Can the original reporter please add the information i requested?

(it would be easier if each of you with different machines opened a new 
bug. I suspect we have a couple of completely different issues mixed
here that just happen to show similar symptoms) 

Anyways, you need notsc right for your laptop right to boot a 64bit kernel?
If yes can you please post a dmesg of this without notsc. Thanks.
If you don't need notsc or don't use 64bit please open a new bug.

AMD bugs should also go else where because they're likely unrelated too.
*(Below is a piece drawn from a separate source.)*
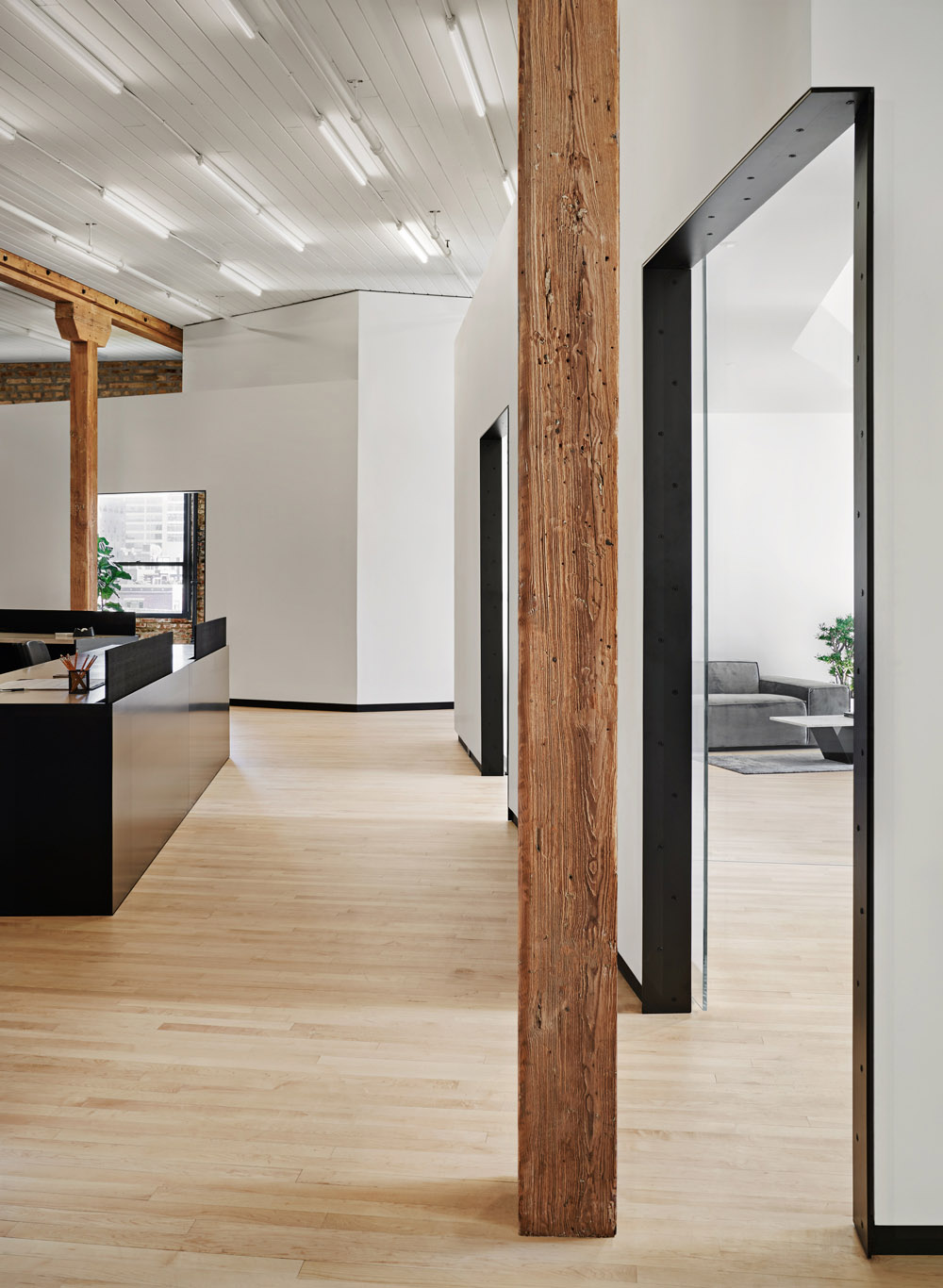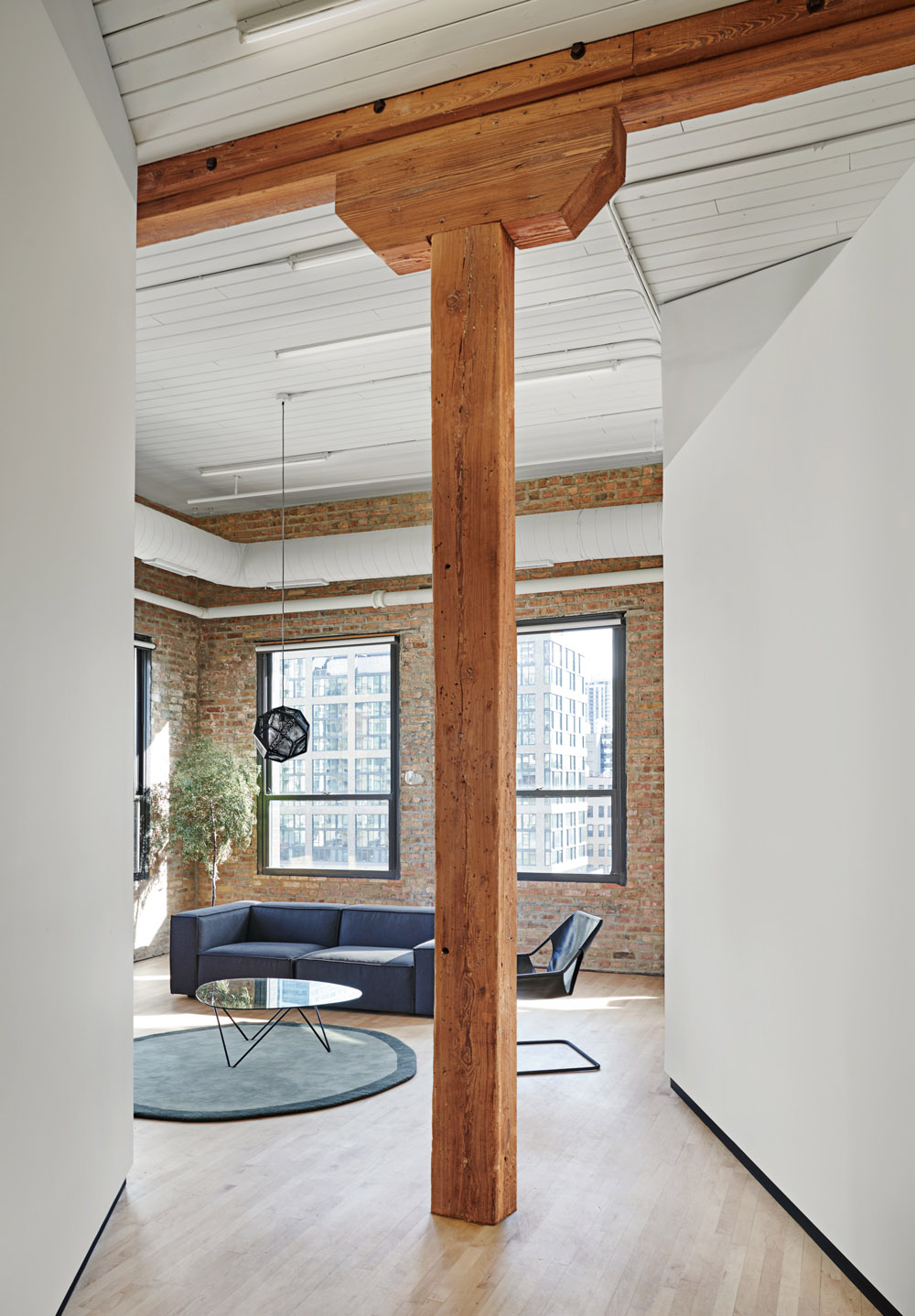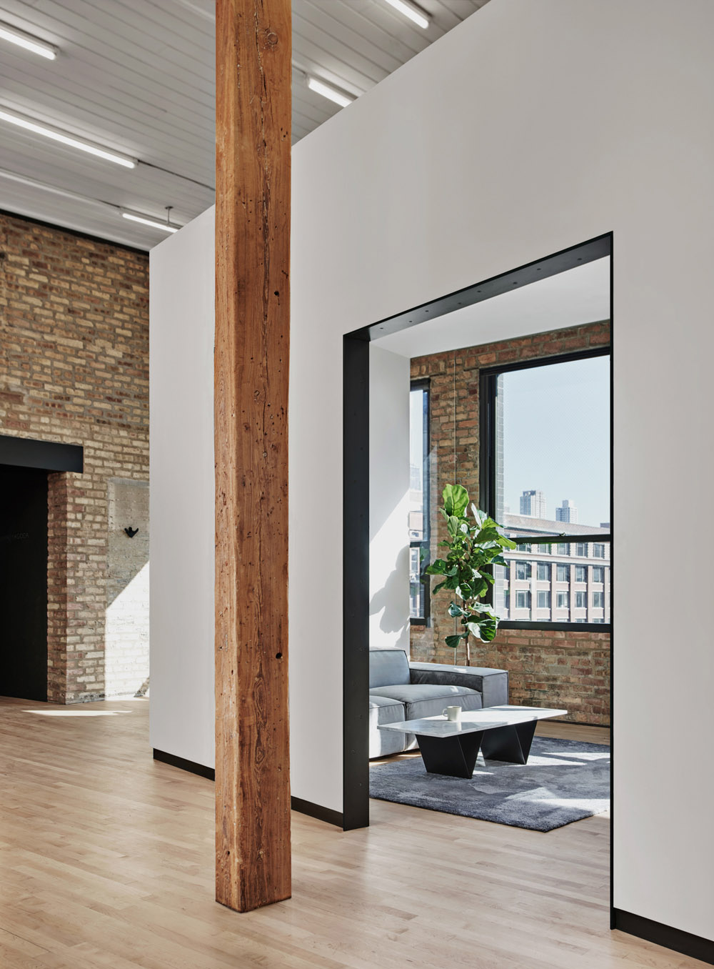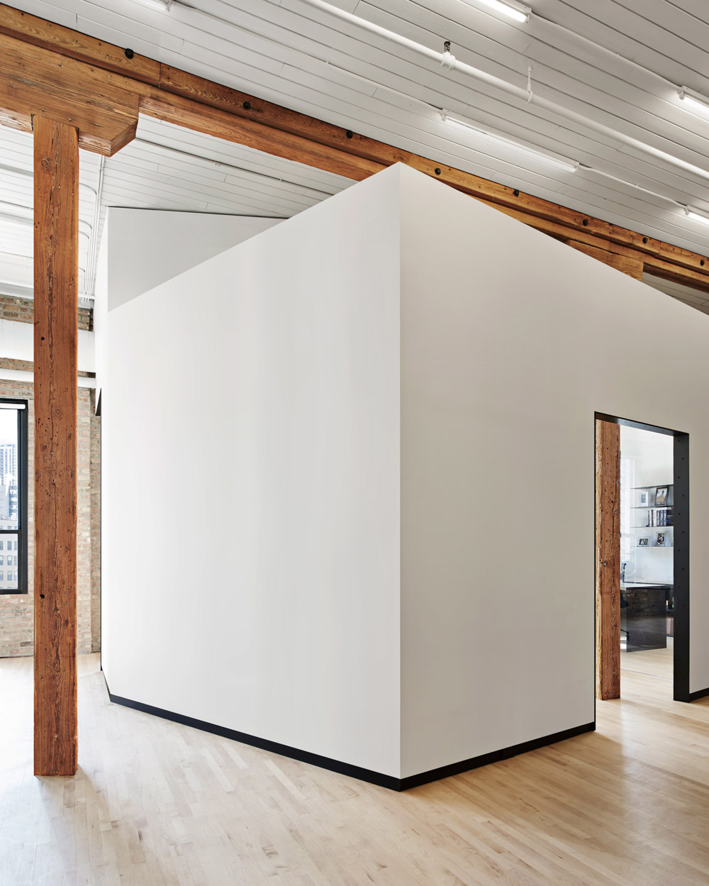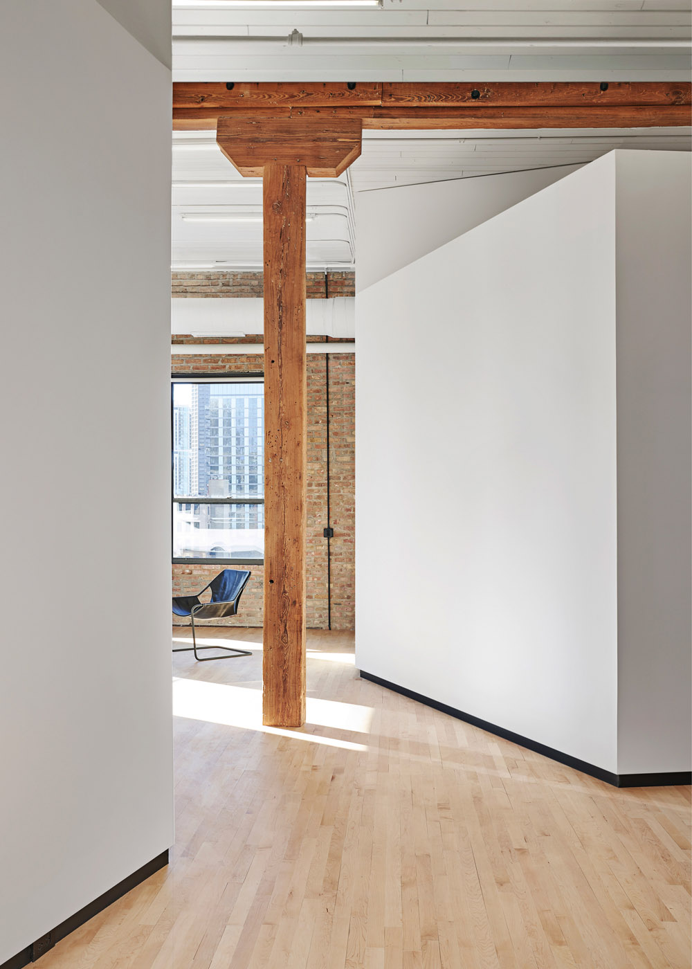 Il sottotetto, situato a Chicago, gode di una vista sui treni sopraelevati e sulle architetture più iconiche della città, e dai clienti è subito stato ritenuto uno spazio ideale per il loro nuovo studio legale. Il piano ristrutturato presenta una configurazione coreografica di pali, nuove partizioni, aperture e circolazioni

Comment 26 Frank Sorenson 2006-10-21 10:15:44 UTC
No, the original poster of this bug was also reporting a laptop (the same laptop
as I have--Dell Inspiron 9400/E1705), and he posted his dmesg output when he
filed the bug.
Comment 27 Andi Kleen 2006-10-21 10:52:14 UTC
Created attachment 9322 [details]
debug patch

Ok. 

Can you please send dmesg with the following debug patch applied
(and notsc not specified manually). Thanks?
Comment 28 Frank Sorenson 2006-10-21 12:13:49 UTC
Created attachment 9323 [details]
dmesg with debug pattch
Comment 29 Andi Kleen 2006-10-21 12:29:11 UTC
Created attachment 9324 [details]
Fix typo in C3 test

Ah, there was a typo in the C3 test. Does this patch help? (revert the debug
patch first)
Comment 30 Frank Sorenson 2006-10-21 22:57:54 UTC
This patch does seem to fix the issue for me.
Comment 31 Andi Kleen 2006-10-22 06:00:53 UTC
Thanks for testing. I submitted it for 2.6.19


Fixed, but I can't close the bug. Owner please do that.
Comment 32 David Gerber 2006-10-22 07:30:42 UTC
Works for me too. Marking the bug as closed. Many thanks to everyone.